We then collected our faceguards which had attached tapes of either red or silver, these tapes signified which team you where assigned to. We had been joined by three young men out to test their mettle in combat and so the two teams separated and encouraging words such as " I'm going to shoot the arse off you, Shaw" and "zabić ten mężczyźni który pierdolić owca".

Following a briefing on procedures by John, the Rednal man in charge, we entered the arena. As we were issued our guns, John explained their workings and for the next few moments all that could be heard was the whizz bang as paintballs flew through the air to practise targets as we got familiar with our weapons.

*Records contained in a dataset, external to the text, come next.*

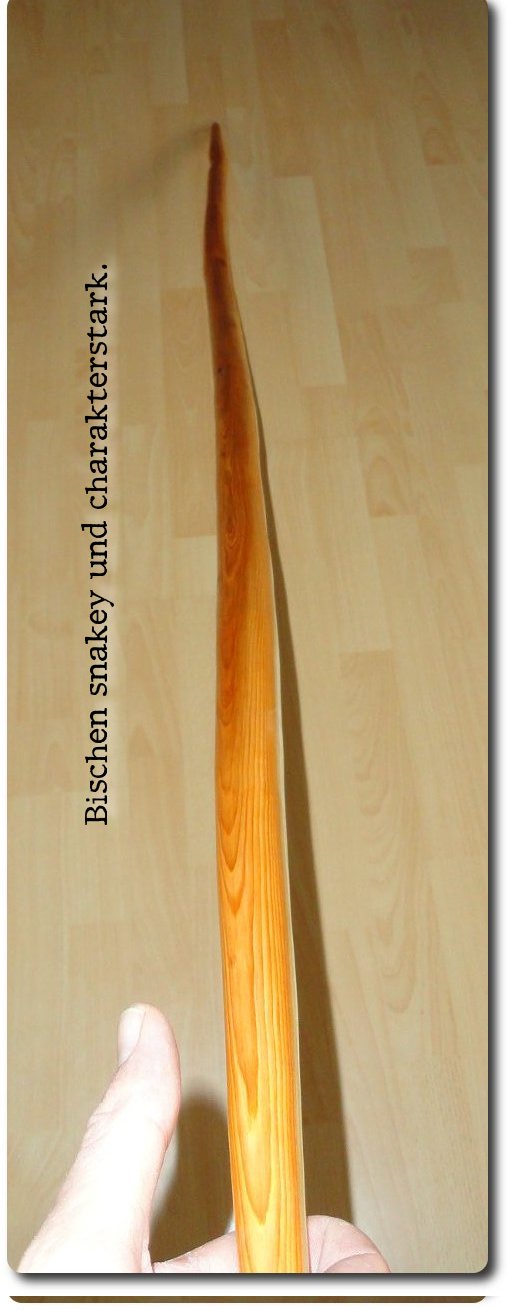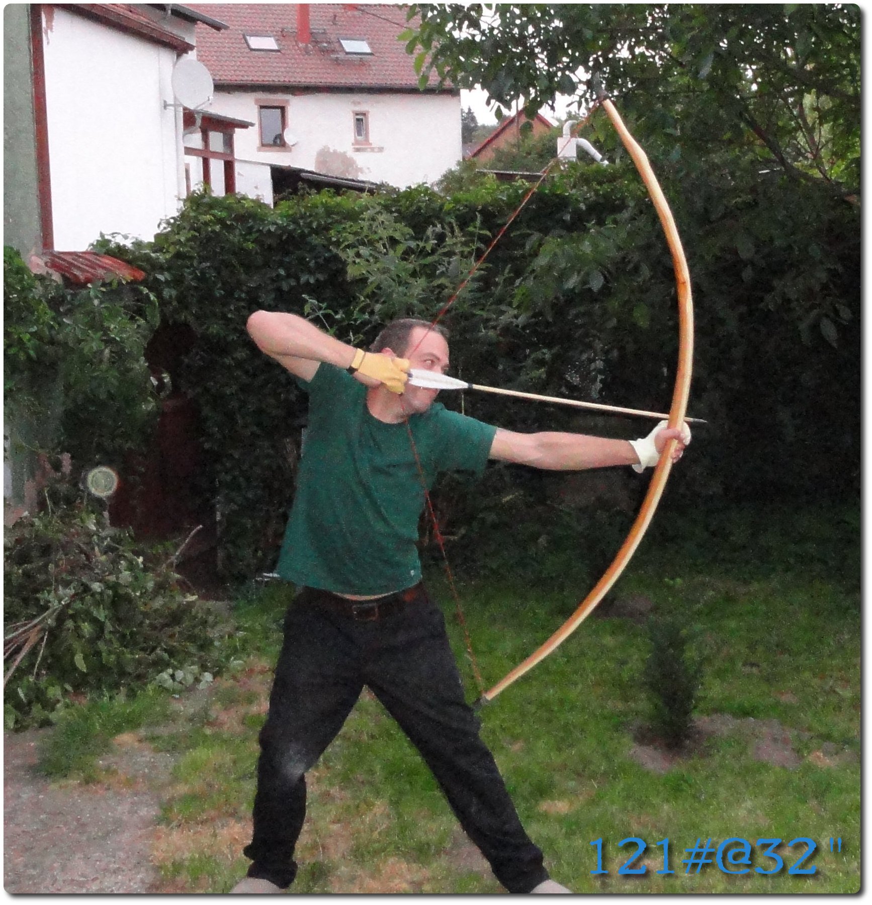 Geil! Es geht nichts über einen ordentlichen Eiben-Selfwarbow! Schön wuchtig, ordentliche Wurfleistung, massiv im Umfang und ebenso überdimensionale Pfeile! Ich find die Hornnocken gut so, was habt ihr denn?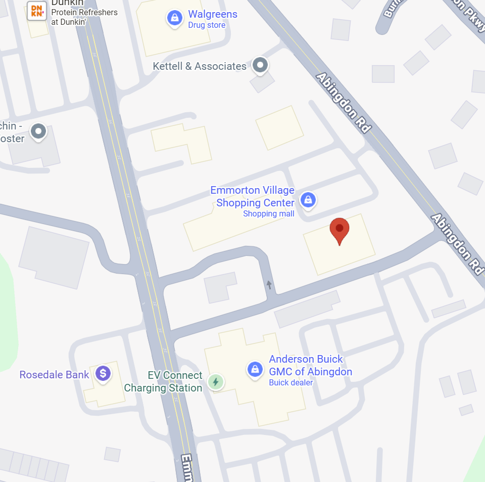 From 95: Take 924 N to just past the Buick dealership and dispensary. We are the next plaza, Emmorton Village. We are the SECOND single story building on the right, in the lower part of the parking lot (past Fortunato’s).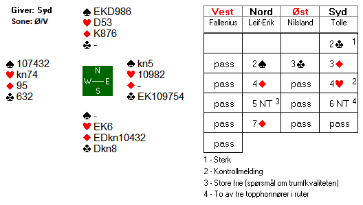 Tolle spilte ut ruter 10, og det kunne se ut som et lovende utspill når bordet kom ned, men spillefører hadde ruter dame og ikke noe annet alternativ enn å la ruteren gå til damen. Nilsland tok to runder trumf og spilte spar, og da fikk syd for esset og øst claimet resten.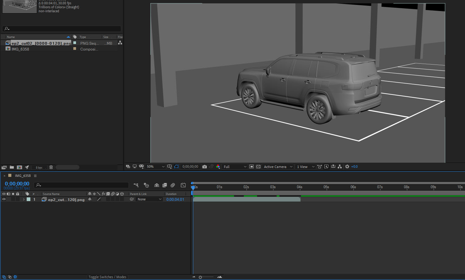 1)새로운 컴포지션을 생성하고 동영상 또는 푸티지를 추가합니다.

We were then given our first mission, the silver team had to defend a fort in which was a rocket launcher, the red team had 10 minutes to get a man to touch the rocket without being shot. The silver team left to take up their defensive positions and as the whistle went with a cry of defiance the red team sprang into action.

It is truly amazing the rush of adrenalin you get when people are shooting at you, your heart rate goes ballistic, your breathing becomes rapid and shallow and your body temperature goes up to the melting point of lead. Everyones' trigger finger was going at the speed of sound and the landscape exploded into orange as God knows how many paintballs were fired in that first few minutes.

It was at this point, that your humble scribe answered the question we had all been asking ourselves, do paintballs hurt when they hit you? And the answer is YES... like a bitch, especially on the thighs.

With only 30 seconds to go Witold saw an opportunity and ran in to claim the first victory for the red team.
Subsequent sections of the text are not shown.